The Atlantic’s Adrienne LaFrance begins her piece with a long take-out on QAnon, the wildly popular-though-faceless-and-nameless source of bizarre coded conspiracies. Like the one about the pizza joint in D.C. where Hillary Clinton and other Illuminati-style Democrats were running a child sex ring.
LaFrance takes readers on an unsettling history and survey of QAnon and a half dozen other irrational, obscene, frequently racist and violence-oriented sites like 4chan, 8chan and 8kun, as well as the characters, both conniving and sad, associated with them. All that before rolling up her investigation into a truly scary summation.
She writes, “I have known [a political-science professor at the University of Miami named Joseph] Uscinski for years … . Many people assume, he told me, that a propensity for conspiracy thinking is predictable along ideological lines. That’s wrong, he explained. It’s better to think of conspiracy thinking as independent of party politics. It’s a particular form of mind-wiring. [Emphasis mine.] And it’s generally characterized by acceptance of the following propositions: Our lives are controlled by plots hatched in secret places. Although we ostensibly live in a democracy, a small group of people run everything, but we don’t know who they are. When big events occur—pandemics, recessions, wars, terrorist attacks—it is because that secretive group is working against the rest of us.
“QAnon isn’t a far-right conspiracy, the way it’s often described, Uscinski went on, despite its obviously pro-Trump narrative. And that’s because Trump isn’t a typical far-right politician. Q appeals to people with the greatest attraction to conspiracy thinking of any kind, and that appeal crosses ideological lines.”

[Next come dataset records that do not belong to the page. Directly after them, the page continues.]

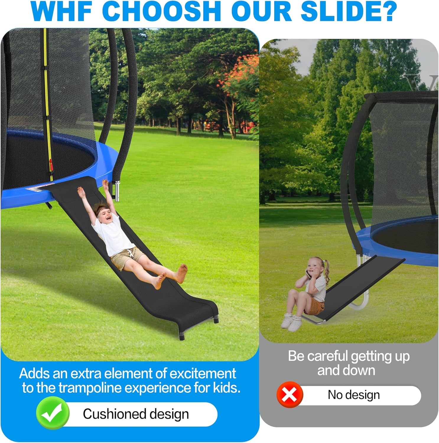 - [Easy Assembly Slides] The trampoline parts slide installation all you need are included in the package. Only need a while time to assemble by adult, please refer to install instruction carefully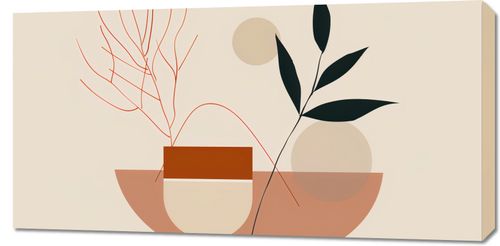 Obraz z serii boho zatytułowany Botaniczna Przymiarka.Obraz to harmonijna kompozycja abstrakcyjnych i naturalistycznych elementów. Wyraźne, organiczne linie roślin w ciepłej, rdzawej czerwieni i głębokiej czerni tworzą zaskakujący kontrast z miękkimi, geometrycznymi formami tła. Delikatne kolorystyczne przejścia i umieszczenie figur na różnych planach dodają głębi i złożoności całości. To dzieło będzie się pięknie prezentować w nowoczesnych, ale również w bardziej klasycznych wnętrzach, dodając im lekkości i współczesnego charakteru. Może stać się centralnym punktem w przestrzeniach takich jak minimalistyczne salony, biura, a także jako akcent w przestrzeniach medytacyjnych, zachęcając do spokoju i kontemplacji.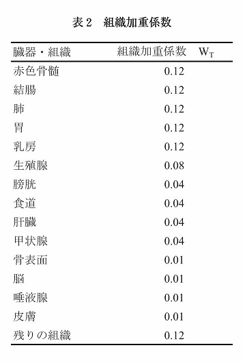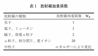 放射線の人体影響の特徴を考慮するために、臓器・組織の平均吸収線量に2種類の補正を施すことで実効線量が求められる。まず、放射線の種類による人体影響の違いを考慮するための補正係数(放射線加重係数:radiation weighting factor) w Rを臓器線量に掛ける。放射線加重係数の値を表1にまとめるが、例えば、γ線には1、陽子線には2、α線には20という値が与えられている。これの意味するところは、ある臓器に同じエネルギーを付与する場合でも、α線はγ線に比べて20倍影響が大きいと想定しているということである。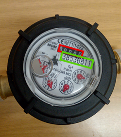 - Zählernummer (grüner Rahmen) und den Zählerstand (roter Rahmen) ablesen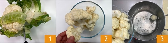 Para preparar a massa com brócolis arriminati, primeiro limpe a couve-flor removendo a base e as folhas 1, depois separe os floretes 2. Leve uma panela com água salgada para ferver e escalde os floretes de couve-flor por 8-10 minutos 3.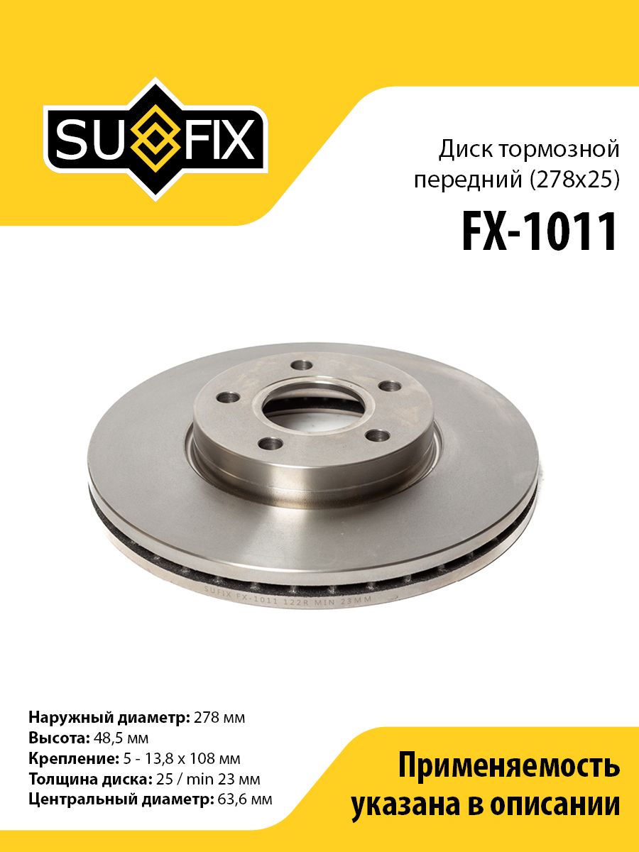 Диск тормозной передний (278x25) SUFIX FX-1011. Применение: FORD Focus II 1.4-2.0D 04-12 / C-Max 1.6-2.0D 03-10, VOLVO C30 1.6-2.5 06-12 / S40 II 1.6-2.5 04-12.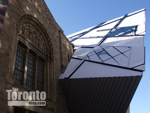This particular block of Bloor has been a busy hub of building activity for a decade. But the growth, and some of the architectural design, has drawn mixed and sometimes highly-charged negative reaction from the public. Change started on the south side of the street when the Royal Ontario Museum (ROM) launched its “Renaissance ROM renovation and expansion project” and hired internationally renowned architect Daniel Libeskind to design the Crystal — a building addition featuring spectacular new gallery space and a dramatic Bloor Street entrance. Evocative of giant ice crystals bursting through the brown brick façade of the original 1914 neo-Romanesque museum’s north wall, The Crystal celebrated its official opening during a massive street party on June 2 2007. Controversial from the start, the Crystal has become one of the city’s top “either love it or hate it” buildings, its design derided by many Toronto residents and visitors while lauded by others, including Conde Nast Traveler magazine, which named it one of “The new seven wonders of the world” in April 2008.
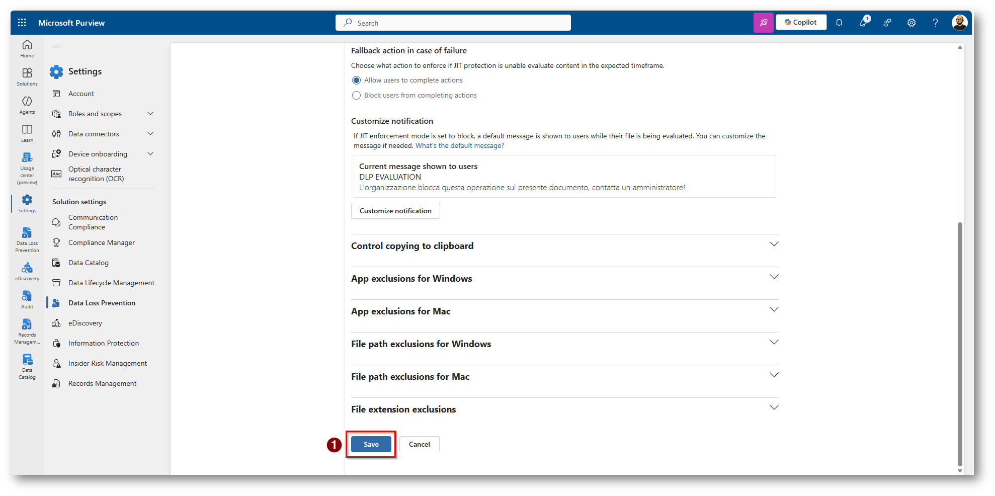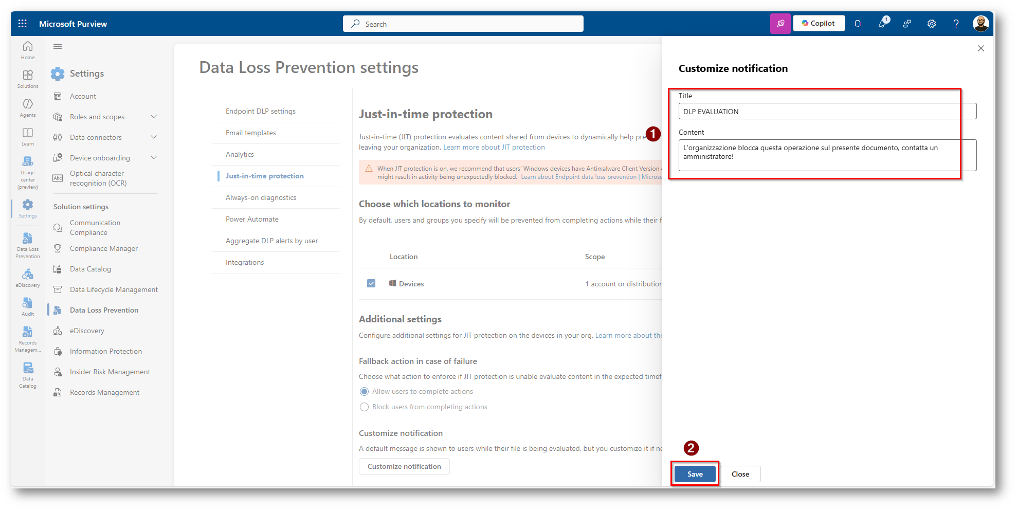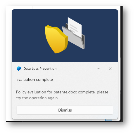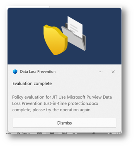 JIT evaluation complete notification: quando DLP termina la valutazione della policy per un file candidato JIT, Endpoint DLP mostra una notifica per informare l’utente.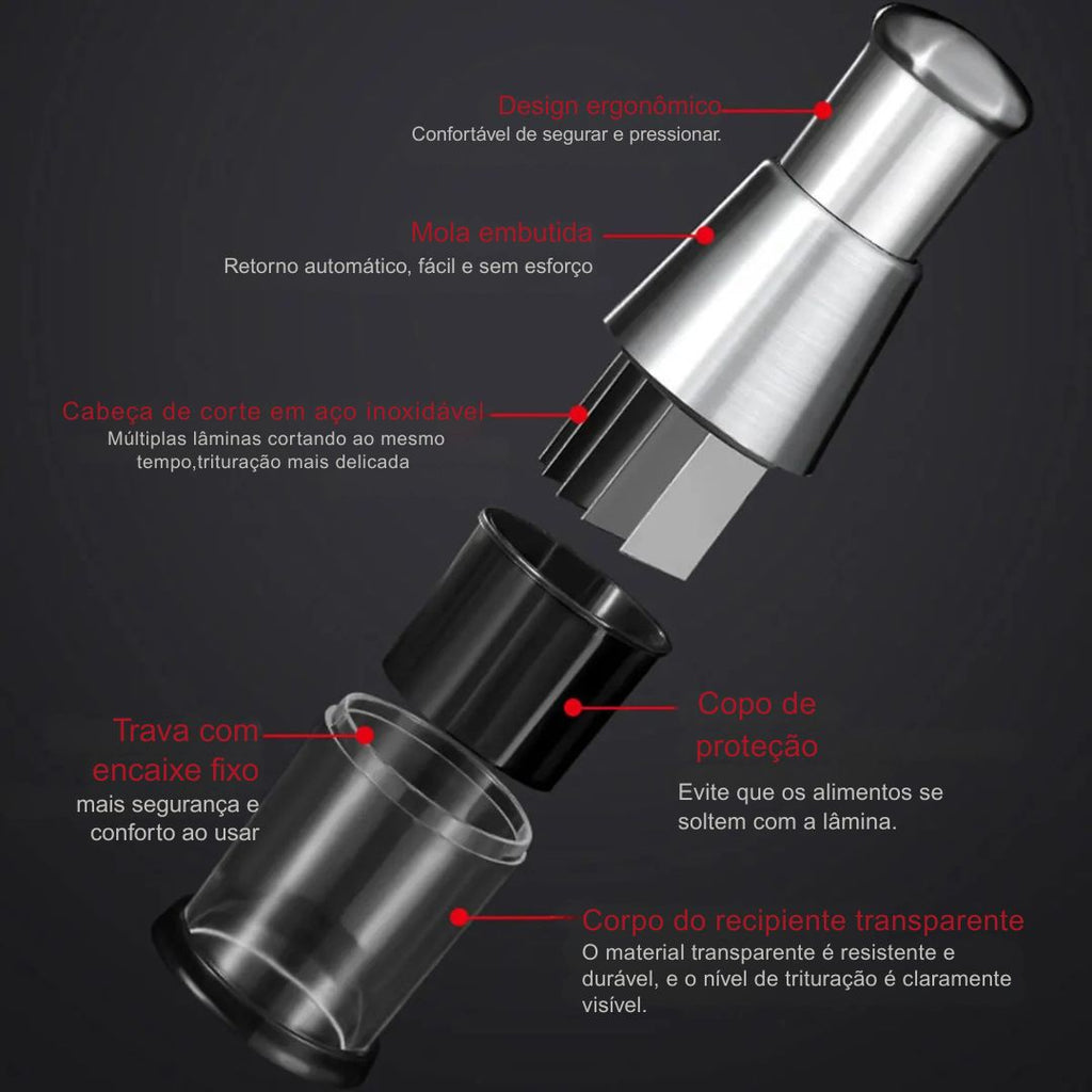• Multifuncional: ideal para alho, cebola, gengibre, pimenta e até amendoins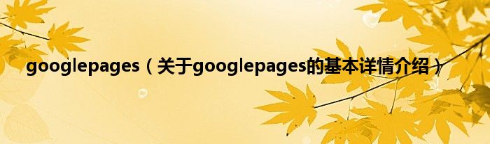 本文关于googlepages的基本详情介绍就讲解完毕,希望对大家有所帮助。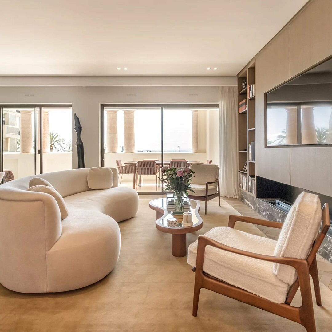 L’appartamento è composto da un ampio ingresso che conduce a un doppio soggiorno con cucina a vista completamente attrezzata, una camera padronale con bagno en suite, una cabina armadio e uno studio, due ulteriori camere en suite con bagni con doccia, un bagno per gli ospiti, nonché una profonda terrazza con una vista spettacolare sul porto di Cap-d’Ail.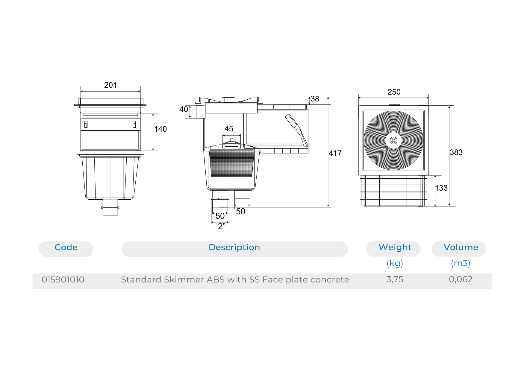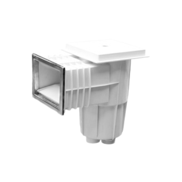 Manufactured in UV treated white ABS with SS face plate in AISI 316. Supplied with top square lid and frame. With flap and flow regulation plug. Supplied with extra strong plastic basket with handle. Skimmer has 3 optional connections for bottom suction. 1 1/2” internal thread, 2 “ outer thread and Ø50 mm inner wall for gluing. Recommended flow is 5m³/h. For optimum results it is recommended to use 1 skimmer per 25m² of pool surface area. The skimmer suction can also be used for vacuum cleaning the pool floor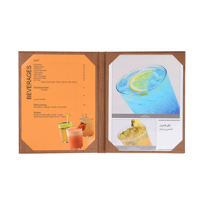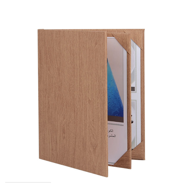 It is made of PU. It is necessary in the restaurant or hotel. Company logo and name can be debossed.

She then moves to her closing statement.
She says, “QAnon carries on a tradition of apocalyptic thinking that has spanned thousands of years. It offers a polemic to empower those who feel adrift. … The Seventh-day Adventists and the Church of Jesus Christ of Latter-day Saints are thriving religious movements indigenous to America. Do not be surprised if QAnon becomes another. It already has more adherents by far than either of those two denominations had in the first decades of their existence. People are expressing their faith through devoted study of Q drops as installments of a foundational text, through the development of Q-worshipping groups, and through sweeping expressions of gratitude for what Q has brought to their lives. Does it matter that we do not know who Q is? The divine is always a mystery. Does it matter that basic aspects of Q’s teachings cannot be confirmed? The basic tenets of Christianity cannot be confirmed. Among the people of QAnon, faith remains absolute. True believers describe a feeling of rebirth, an irreversible arousal to existential knowledge. They are certain that a Great Awakening is coming. They’ll wait as long as they must for deliverance.”
The nut of it all is pretty obvious: Such people, as described above, are the fiery, white-hot core of Trump’s base. To them he is a key figure in what they regard as a god-like, divine plan. Trump is, in effect, the earthly vessel for the long-awaited cleansing apocalypse. And because of their “mind-wiring” they are unable to be convinced otherwise or to ever abandon him.
This white-hot core is primed and eager to accept anything they’re told by QAnon, who could be anyone. (Former Republican strategist Rick Wilson is convinced QAnon gets most of his inside information from White House communications advisor, Dan Scavino. BTW: Here’s a clip of Wilson in early 2018, imagining a “Mad Max” post-Trump landscape.)
More to point in terms of what’s coming this fall, there’s every reason to believe this “religious” core will act on whatever irrational, magical thinking they’re guided toward by QAnon, some other “divine” source or by Trump himself. There’s certainly no reason to think they’re disillusioned. To the contrary, they’re prepping for the battle. By every indication, they will mobilize and vote for Trump in even greater numbers than they did in 2016.
Likewise, who is prepared to assume they’ll accept Trump’s defeat, if it happens this November?